So by using this transform layer, we get to remove the initial condition loss term from our overall loss function -- simplifying it and giving us one less hyperparameter to tune :)

However, the transform layer has no learnable parameters and is technically not part of the neural network. But since it sits at the end of the network, it will have a strong influence on its output and, thus, the loss. This means that errors backpropagating through the network will tune its weights with information about the initial conditions recieved not explicitly from the loss function, but from the transform layer itself.

If we consider the transform layer as part of the network, we can write our new PDE solution approximation as
$$
N\!N'(x, t;\theta) \approx u_{\text{transformed}}(x, t, NN(x, t; \theta))
$$

where $N\!N'$ is the output of the network *with* the transform layer, and $N\!N$ is the previous vanilla output (included explicitly in the transformed solution here).

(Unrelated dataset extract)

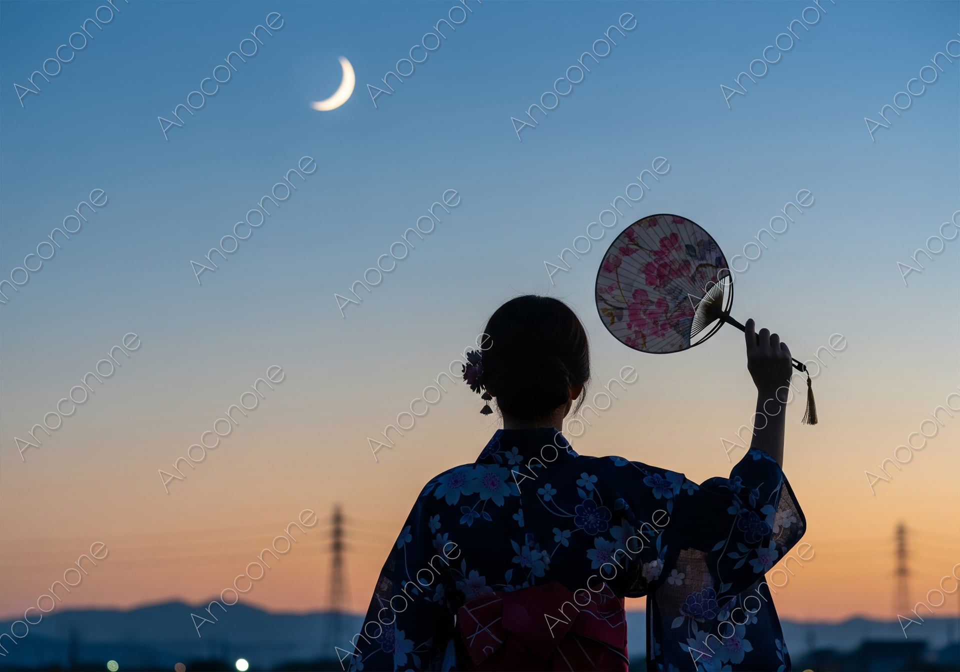 画像素材:燃えるような夕焼けが夜へと移り変わるマジックアワーの中、三日月を静かに見上げる浴衣姿の女性を捉えた叙情的な一枚です。紺地に花柄をあしらった和服のシルエットと、繊細な団扇を持つ手元が、日本の夏ならではの風情と涼しげな美しさを演出しています。遠くに見える街の灯りや山並みが、ノスタルジックな雰囲気をより一層引き立てており、見る人の心に深い感動を与えます。旅行業界のパンフレットや、和風イベントの告知、日本の四季を紹介するメディアなど、視覚的なインパクトを求めるデザインに最適な素材です。

Then our new loss function becomes

\begin{align*}
\mathcal{L}(\theta) &= \lambda_P L_P(\theta) + \sum \lambda_B L_B(\theta)  \\
&= \frac{\lambda_P}{N_p} \left\| \left[\frac{\partial }{\partial t} + N\!N'(x_i, t_i; \theta) \frac{\partial }{\partial x} - \nu \frac{\partial^2 }{\partial x^2} \right] N\!N' (x_i, t_i; \theta) \right\|^2\\
&+ \frac{\lambda_{B1}}{N_{B1}} \left\| N\!N'(-1, t_j; \theta) \right\|^2 + \frac{\lambda_{B2}}{N_{B2}} \left\|N\!N'(1, t_j; \theta) \right\|^2 
\end{align*}

with final layer
$$
u_{\text{transformed}}(x, t) = \sin(\pi x) + NN(x, t; \theta) \cdot (t - t_{\text{min}})
$$


In [2]:
import torch
import torch.nn as nn